Long Road to Recovery

Some of the country's more remote regions may have to wait years before their battered roads are repaired.

Long Road to Recovery

Some of the country's more remote regions may have to wait years before their battered roads are repaired.

Wednesday, 2 March, 2005

A number of Afghanistan's crumbling roads are finally being rebuilt after long delays that have caused a series of problems for the Karzai government.


But the projects are facing a race against time as the bitter winter sets in and public dissatisfaction grows.


A total of 5,600 km of repairs are planned for main highways over the next three years, and a number of additional, smaller roads also need to be rebuilt.


Asadullah Naseri, planning president of the public works ministry, told IWPR that at an average cost of 140,000 US dollars per km, the bill will come to 920 million dollars. Yet foreign governments have pledged less than half that amount for road construction costs.


Roads are the threads which will tie Afghanistan's many redevelopment programmes - security, trade, agriculture, health care, employment, environment and border control - together.


Public works minister Abdullah Ali said that the surveying, grading and levelling of several major roads from Kabul, including the Salang Tunnel, has already begun, and that paving will commence in the spring.


But just as importantly, the employment and visible progress that comes with the reconstruction of roads will boost political support for Karzai's government.


Around 2,000 workers will be employed on the single biggest project, the Kabul-Kandahar-Herat road, which rings the southern half of the country. They will earn an average of 100,000 afghanis - two dollars - a day. The project began last month and will take around three years to complete.

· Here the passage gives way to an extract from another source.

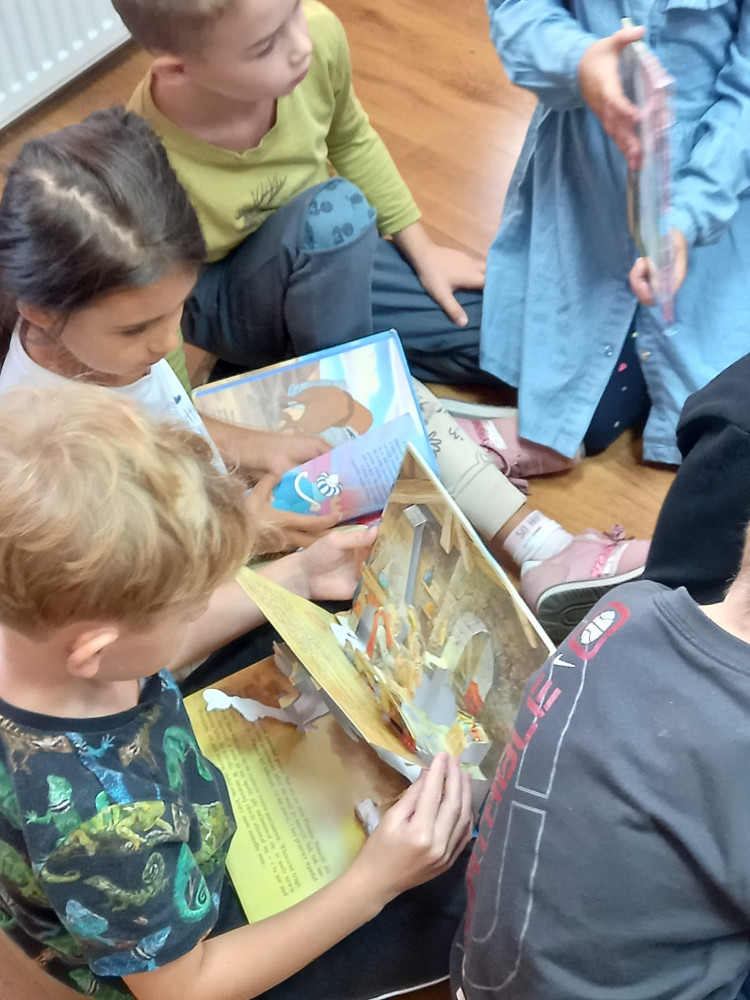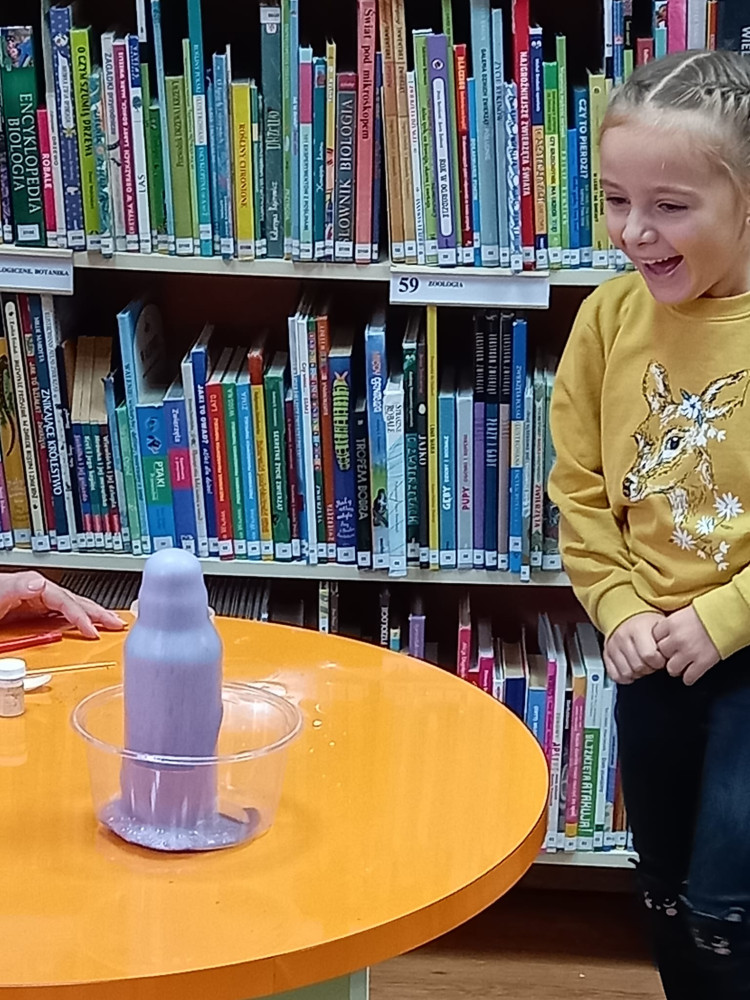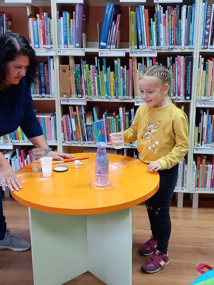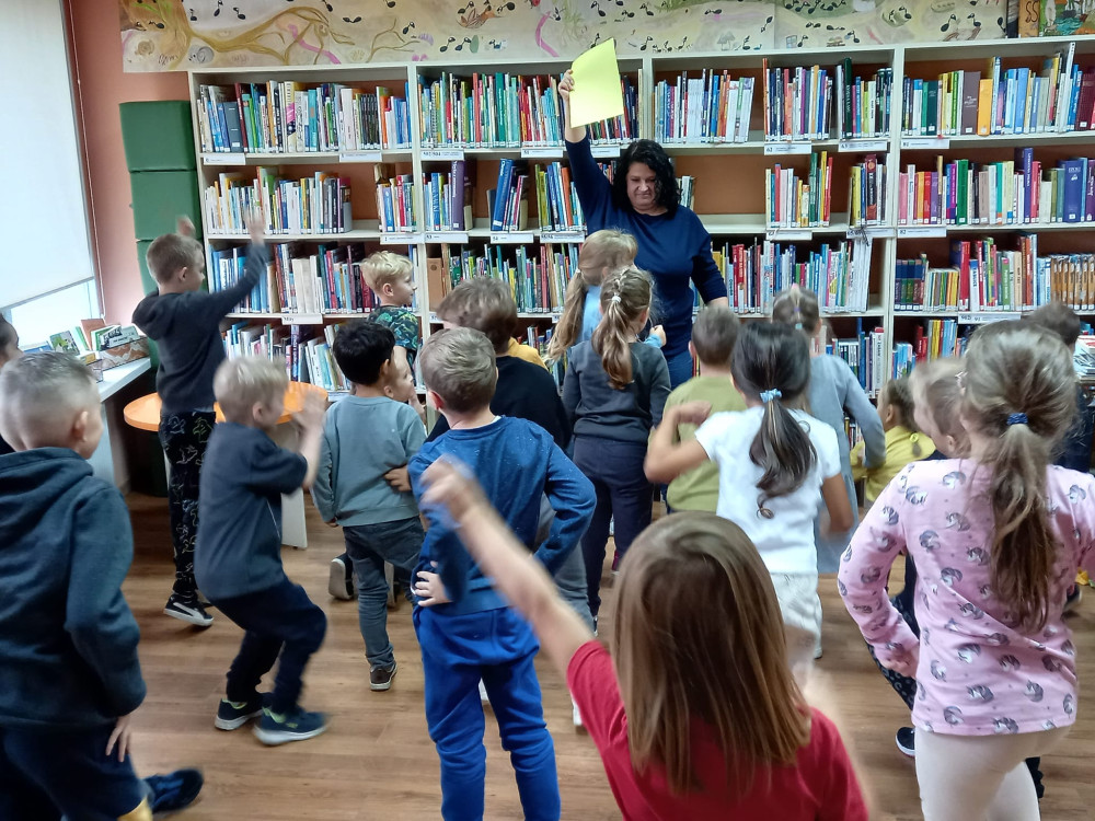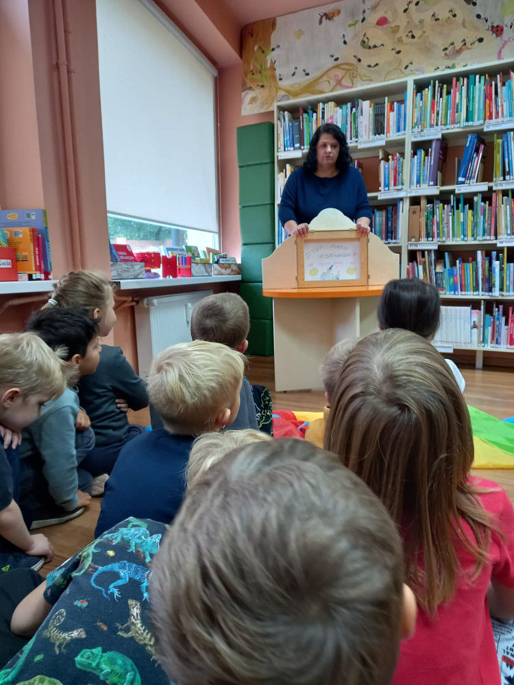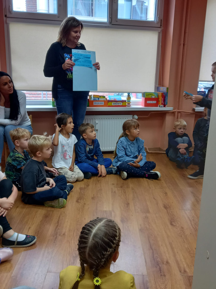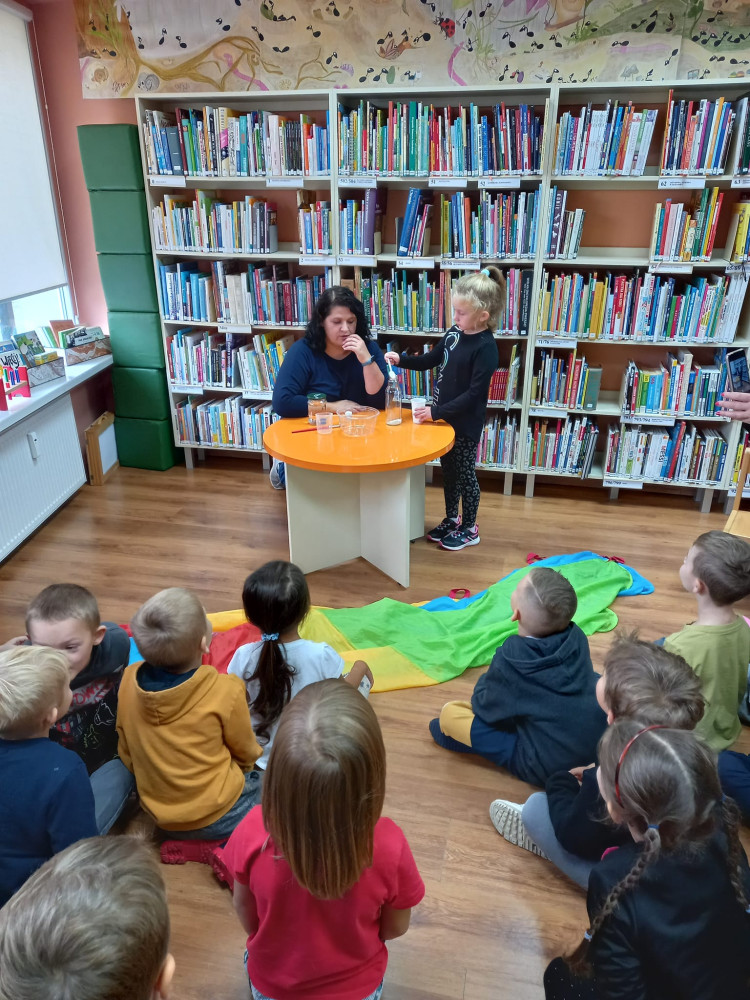 Pomiędzy opowiadaniami bibliotekarka przeprowadziła zabawę w 3 kolory, oraz eksperyment. Na zakończenie przedszkolaki omówiły zasady poszanowania książek i trochę obejrzały, a także poczytały nasze książeczki.

Ali said the ministry is also working on the roads between Kabul-Jalalabad, Kabul-Herat, and Kandahar-Spinboldak, as well as the reconstruction of the Salang Tunnel.


But Naseri complained that the ministry has had no income since Karzai cancelled road tolls in an attempt to encourage trade, and that it could do the work more far more efficiently than the international companies contracted for the jobs.


"The ministry of public works has 70 years of experience in road-building. If the donors give money us, we can rebuild the roads very well," he said.


"The World Bank has given Afghanistan Aid Coordination Agency 4.9 million dollars for the Salang Tunnel, but if we were given half of this money we would have rebuilt it better and faster."


The World Bank funding will also pay for the cost of keeping the Kabul-Salang road open during the winter to enable work on the tunnel.


Ali told IWPR that the 250 million dollar Kabul-Kandahar-Herat project is being funded by Saudi Arabia, Japan and the United States, the former two paying 50 million each and the latter 80 million. Italy is funding the Kabul-Bamyan section of the Kabul-Maidan-Bamyan-Herat road with a 15 million dollar package.


Japan has donated 15 million dollars via the Asian Development Bank for the Kandahar-Spinboldak road, while the World Bank has also donated a certain amount, and the European Union has pledged an unspecified package for the Kabul-Jalalabad highway.


However, many other places may have to wait years for improved highways. The impoverished Badakhshan province, a remote corner of north-east Afghanistan, has no real roads. The journey to the provincial capital, Faizabad city, can take several days, and people in the province carry most of their things by donkeys.


Dr Mohammad Akbar, deputy director of the local public health department, said there have been hundreds of accidents - many of them fatal - on the main road. "Humanitarian organisations have repaired some parts of the Badakhshan road, but the government has not carried out any reconstruction work yet," he said.


Jamshed, a driver on the road between Badakhshan and Takhar, finds his job frightening and says serious accidents are common.


"I have seen some traffic accidents with my own eyes on this route," he said. "A few days ago, a Kamaz truck [a large Russian transport vehicle] fell down a riverbank in the Qarakamar region. Four people died and two were injured."


Unicef employee Nafeesa said, "The destroyed road is a huge problem. Badakhshan is a mountainous province and its peaks are covered with snow most seasons of the year. Travel is very difficult which is why Badakhshi people have a lot of economic problems and are living in poverty."


Governor of Badakhshan, Sayed Mohammad Amin Tareq, said, "During Loya Jirga, we requested that the government build roads in Badakhshan. Karzai has promised ones from Takhar to the Ishkashem region of Badakhshan and from Faizabad city to Anjuman highway.


"The president has sent delegations to Faizabad many times and they have done their surveys, but the actual work has not yet begun."


Shoib Safi is an independent journalist in Kabul.